**Supplied information:**
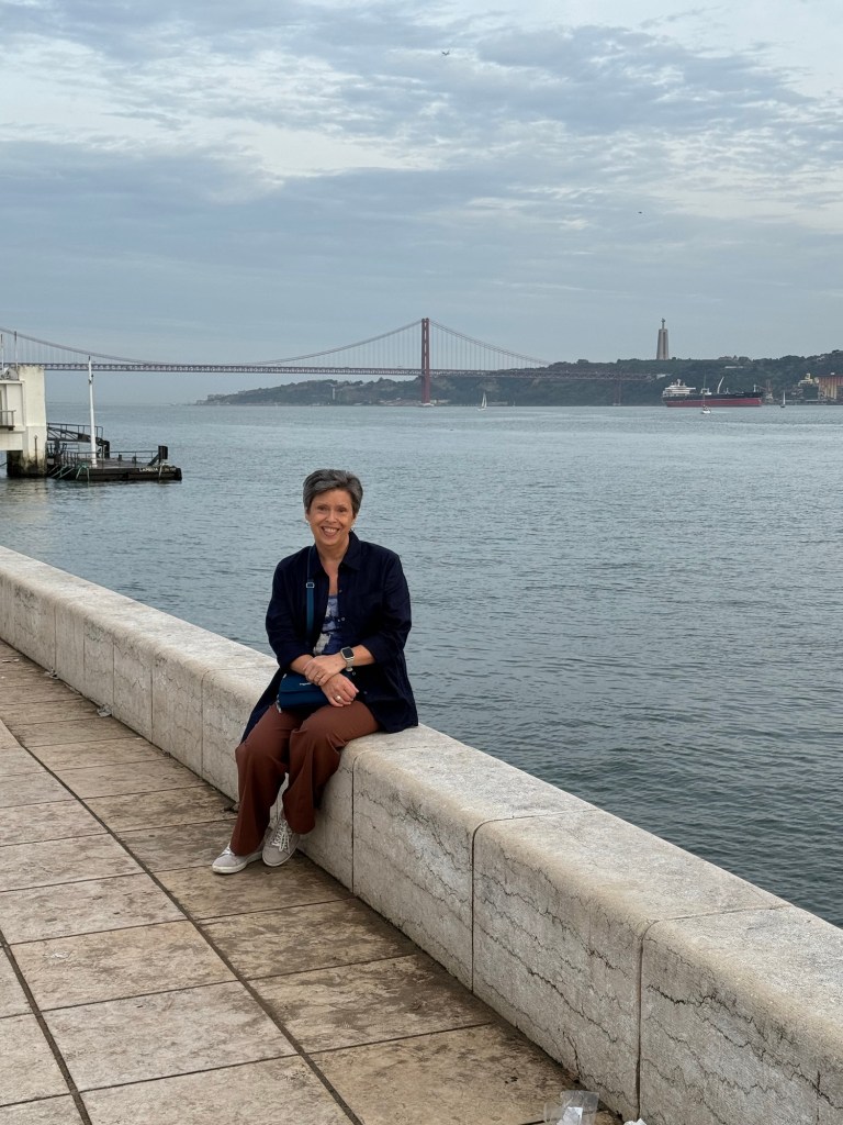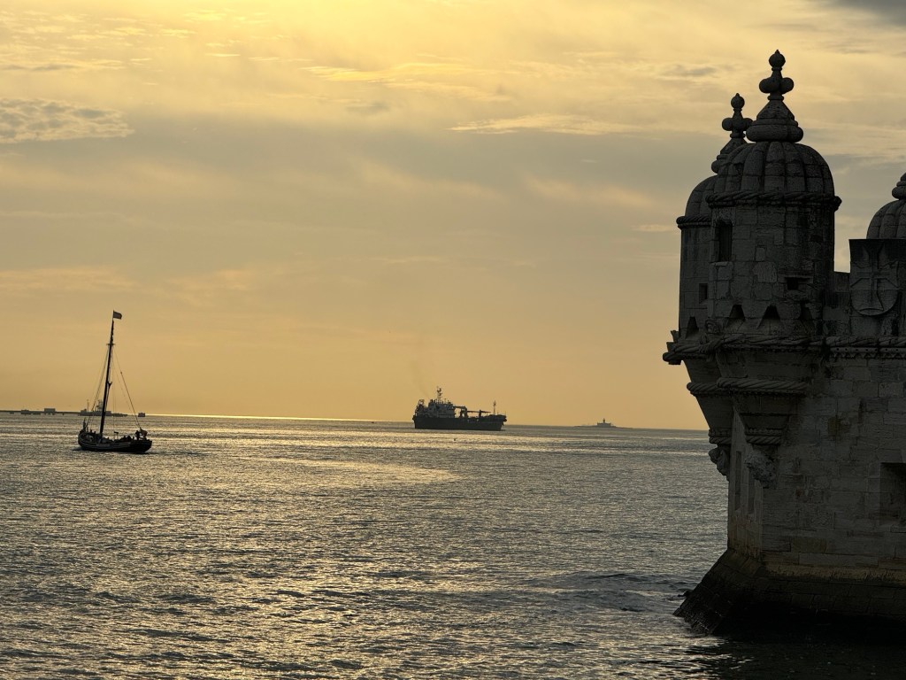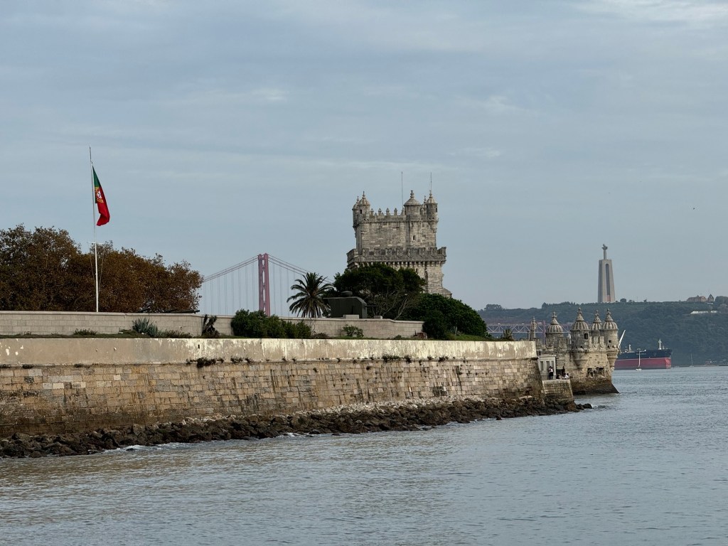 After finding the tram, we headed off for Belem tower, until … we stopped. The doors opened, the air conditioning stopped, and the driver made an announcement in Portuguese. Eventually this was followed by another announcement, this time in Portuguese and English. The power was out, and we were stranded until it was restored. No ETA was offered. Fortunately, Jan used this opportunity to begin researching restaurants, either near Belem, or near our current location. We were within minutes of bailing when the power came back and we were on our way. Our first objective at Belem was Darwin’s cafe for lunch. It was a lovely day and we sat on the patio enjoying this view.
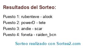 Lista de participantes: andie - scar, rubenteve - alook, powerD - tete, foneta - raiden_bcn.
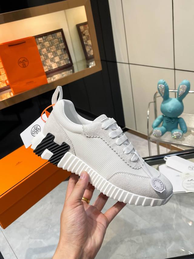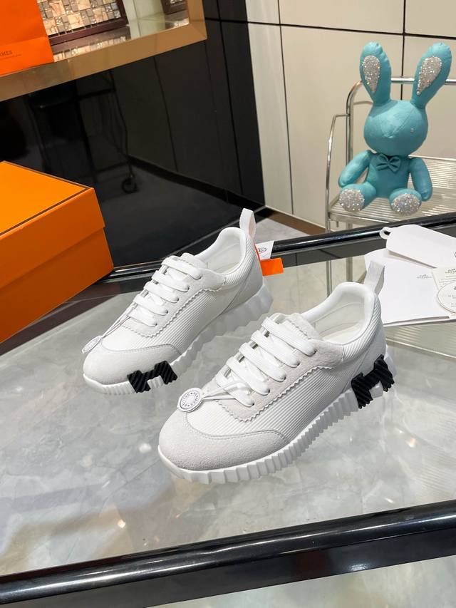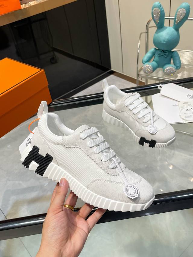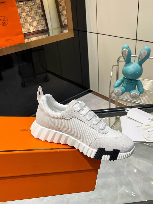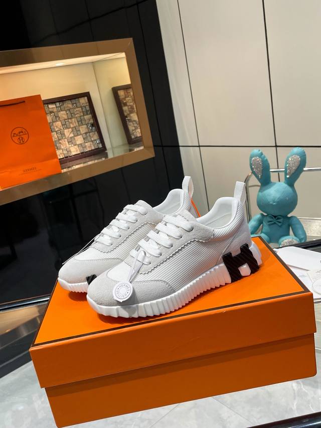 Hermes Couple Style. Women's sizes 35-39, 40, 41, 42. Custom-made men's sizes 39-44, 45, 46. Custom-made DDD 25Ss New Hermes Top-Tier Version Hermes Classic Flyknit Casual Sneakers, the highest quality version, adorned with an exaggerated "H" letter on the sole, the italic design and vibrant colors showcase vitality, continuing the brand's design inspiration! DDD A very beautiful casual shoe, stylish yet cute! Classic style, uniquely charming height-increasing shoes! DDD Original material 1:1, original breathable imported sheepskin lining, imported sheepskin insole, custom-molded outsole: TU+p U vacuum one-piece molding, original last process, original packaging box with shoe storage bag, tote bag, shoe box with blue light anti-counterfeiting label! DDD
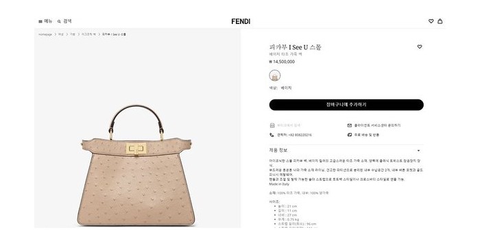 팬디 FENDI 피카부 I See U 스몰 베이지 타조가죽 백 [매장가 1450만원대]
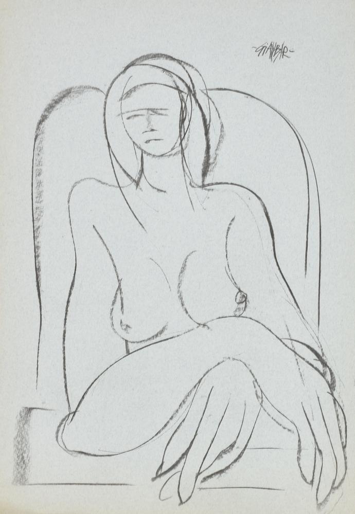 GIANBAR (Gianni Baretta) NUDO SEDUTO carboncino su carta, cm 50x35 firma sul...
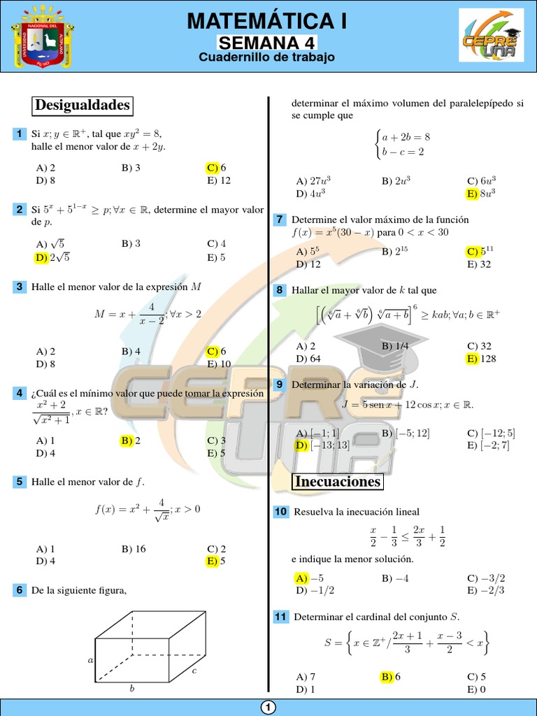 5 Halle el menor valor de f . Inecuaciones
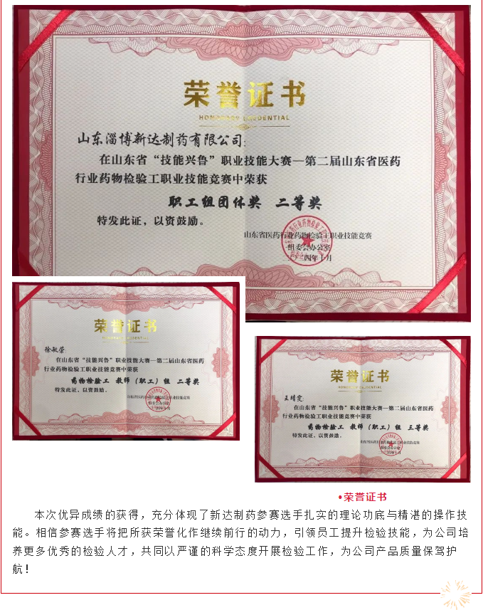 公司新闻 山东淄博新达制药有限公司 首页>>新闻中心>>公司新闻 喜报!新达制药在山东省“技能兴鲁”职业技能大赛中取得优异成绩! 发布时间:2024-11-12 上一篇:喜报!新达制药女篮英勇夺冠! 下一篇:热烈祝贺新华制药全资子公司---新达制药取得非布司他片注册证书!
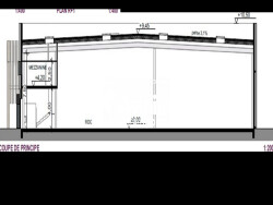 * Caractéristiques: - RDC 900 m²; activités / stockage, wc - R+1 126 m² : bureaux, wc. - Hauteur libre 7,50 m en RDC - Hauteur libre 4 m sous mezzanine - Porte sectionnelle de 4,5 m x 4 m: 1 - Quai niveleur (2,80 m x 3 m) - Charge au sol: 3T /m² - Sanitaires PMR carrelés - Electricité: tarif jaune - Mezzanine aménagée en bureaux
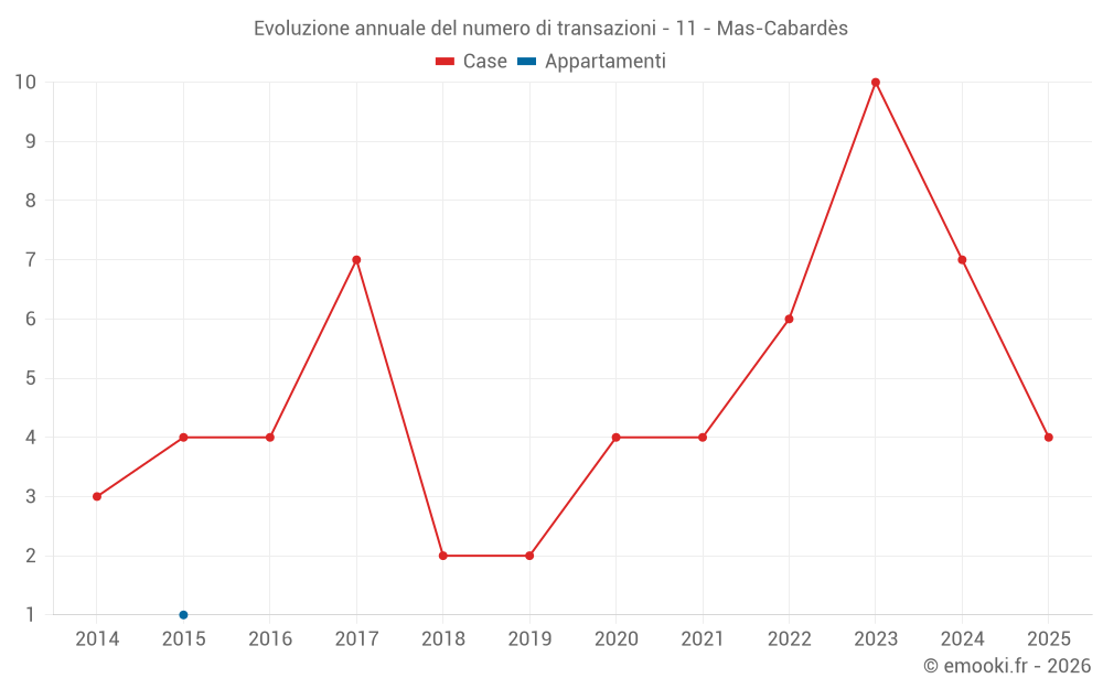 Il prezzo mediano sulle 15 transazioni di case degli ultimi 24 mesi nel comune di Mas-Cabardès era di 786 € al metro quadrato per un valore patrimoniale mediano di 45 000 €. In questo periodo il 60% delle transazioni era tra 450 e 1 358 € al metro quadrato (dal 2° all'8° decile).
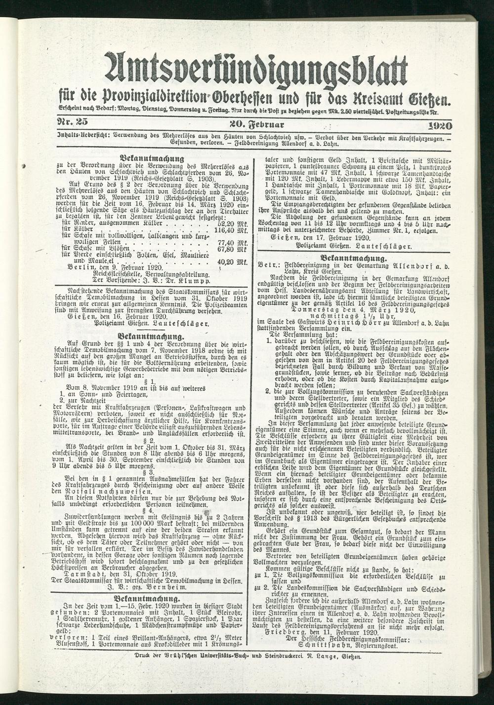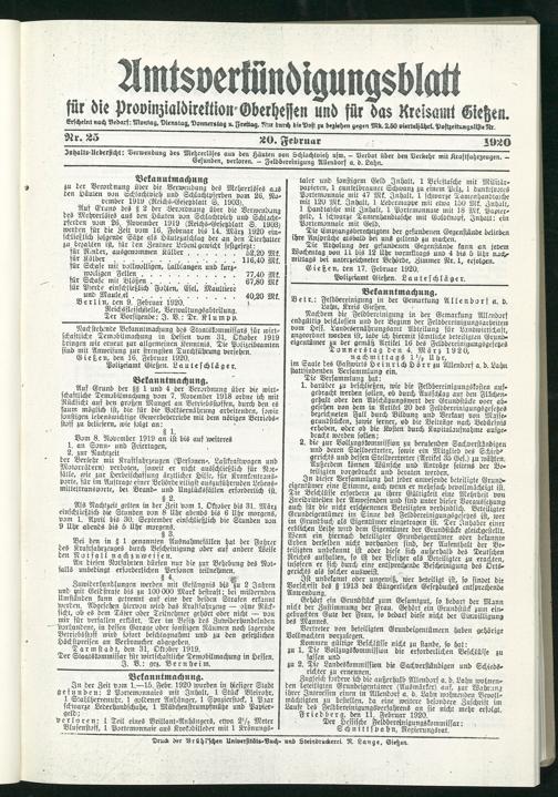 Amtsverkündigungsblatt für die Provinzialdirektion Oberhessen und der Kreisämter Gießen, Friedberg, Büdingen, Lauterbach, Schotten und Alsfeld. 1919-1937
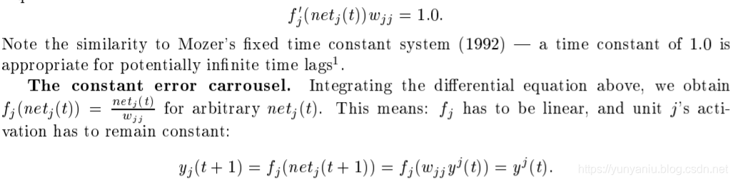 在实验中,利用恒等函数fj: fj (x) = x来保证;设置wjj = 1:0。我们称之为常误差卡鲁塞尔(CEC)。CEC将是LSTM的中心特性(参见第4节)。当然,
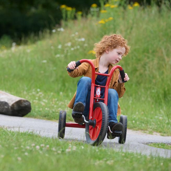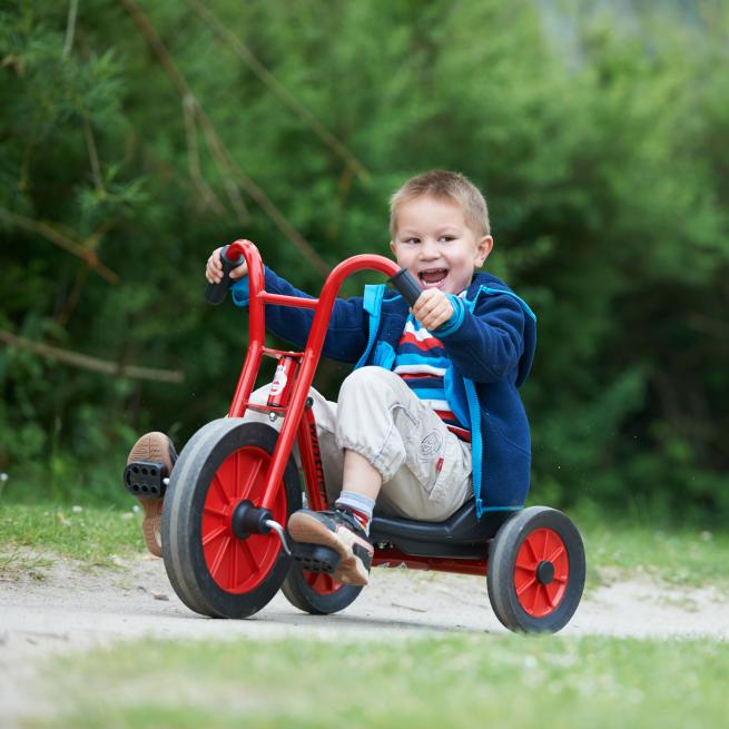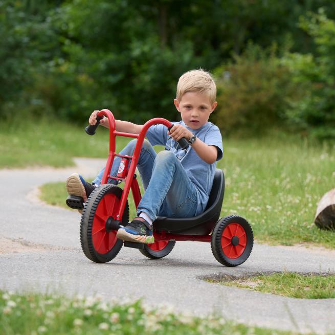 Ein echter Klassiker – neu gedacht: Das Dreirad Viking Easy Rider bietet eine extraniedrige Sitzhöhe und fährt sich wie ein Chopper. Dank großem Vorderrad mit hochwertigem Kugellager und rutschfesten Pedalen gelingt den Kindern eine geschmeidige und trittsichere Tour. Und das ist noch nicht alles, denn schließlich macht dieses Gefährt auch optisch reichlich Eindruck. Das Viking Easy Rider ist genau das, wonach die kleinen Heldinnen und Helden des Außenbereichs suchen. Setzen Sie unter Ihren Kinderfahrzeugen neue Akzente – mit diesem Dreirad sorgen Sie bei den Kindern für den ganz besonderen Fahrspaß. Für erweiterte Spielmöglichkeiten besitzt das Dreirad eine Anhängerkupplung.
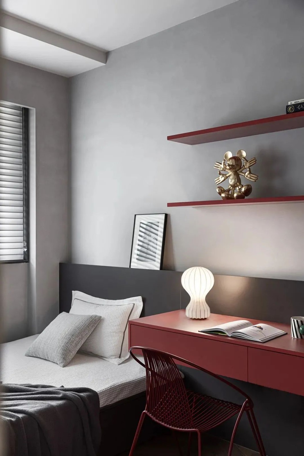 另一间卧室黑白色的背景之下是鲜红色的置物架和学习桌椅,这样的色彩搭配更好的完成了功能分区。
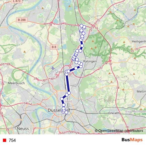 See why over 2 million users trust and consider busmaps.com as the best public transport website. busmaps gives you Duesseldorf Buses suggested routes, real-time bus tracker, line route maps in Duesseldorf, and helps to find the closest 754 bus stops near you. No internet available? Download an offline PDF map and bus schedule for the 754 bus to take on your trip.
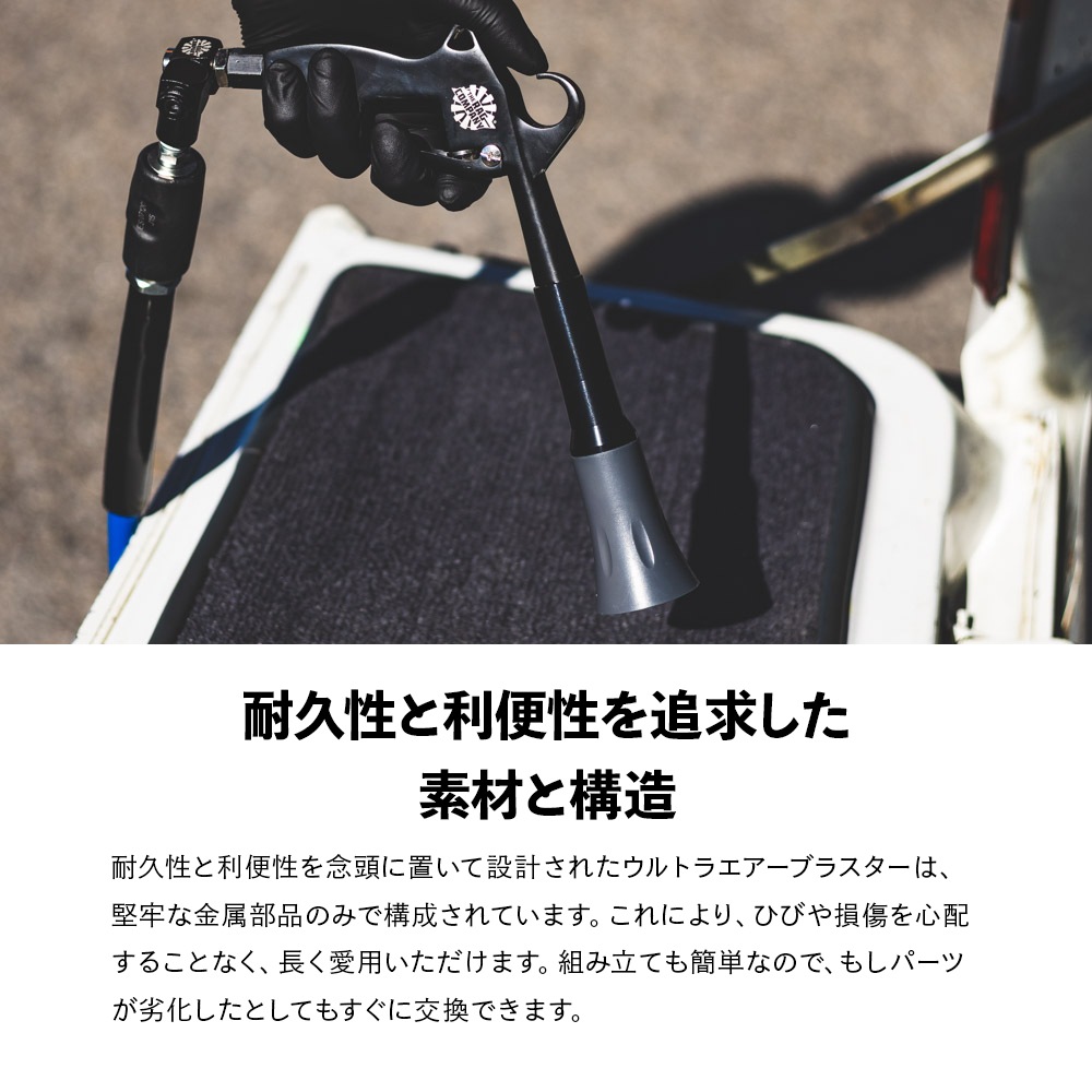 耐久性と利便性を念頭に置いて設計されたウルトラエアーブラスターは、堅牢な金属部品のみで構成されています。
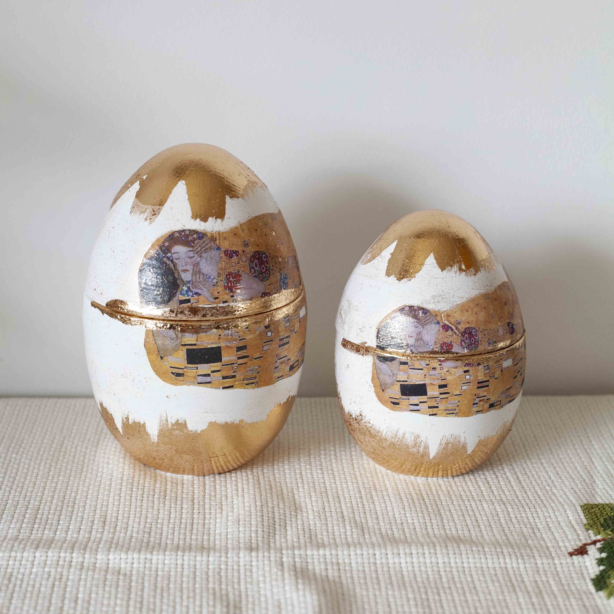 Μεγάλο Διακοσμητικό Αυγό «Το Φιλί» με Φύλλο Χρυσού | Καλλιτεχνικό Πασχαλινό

**Prompt:** With the pictures omitted, restate word for word the lines above from the line that has "Ein echter Klassiker" up to and including the line that has "另一间卧室黑白色的背景之下是", and no other lines.

**Task response:**
 Ein echter Klassiker – neu gedacht: Das Dreirad Viking Easy Rider bietet eine extraniedrige Sitzhöhe und fährt sich wie ein Chopper. Dank großem Vorderrad mit hochwertigem Kugellager und rutschfesten Pedalen gelingt den Kindern eine geschmeidige und trittsichere Tour. Und das ist noch nicht alles, denn schließlich macht dieses Gefährt auch optisch reichlich Eindruck. Das Viking Easy Rider ist genau das, wonach die kleinen Heldinnen und Helden des Außenbereichs suchen. Setzen Sie unter Ihren Kinderfahrzeugen neue Akzente – mit diesem Dreirad sorgen Sie bei den Kindern für den ganz besonderen Fahrspaß. Für erweiterte Spielmöglichkeiten besitzt das Dreirad eine Anhängerkupplung.
 另一间卧室黑白色的背景之下是鲜红色的置物架和学习桌椅,这样的色彩搭配更好的完成了功能分区。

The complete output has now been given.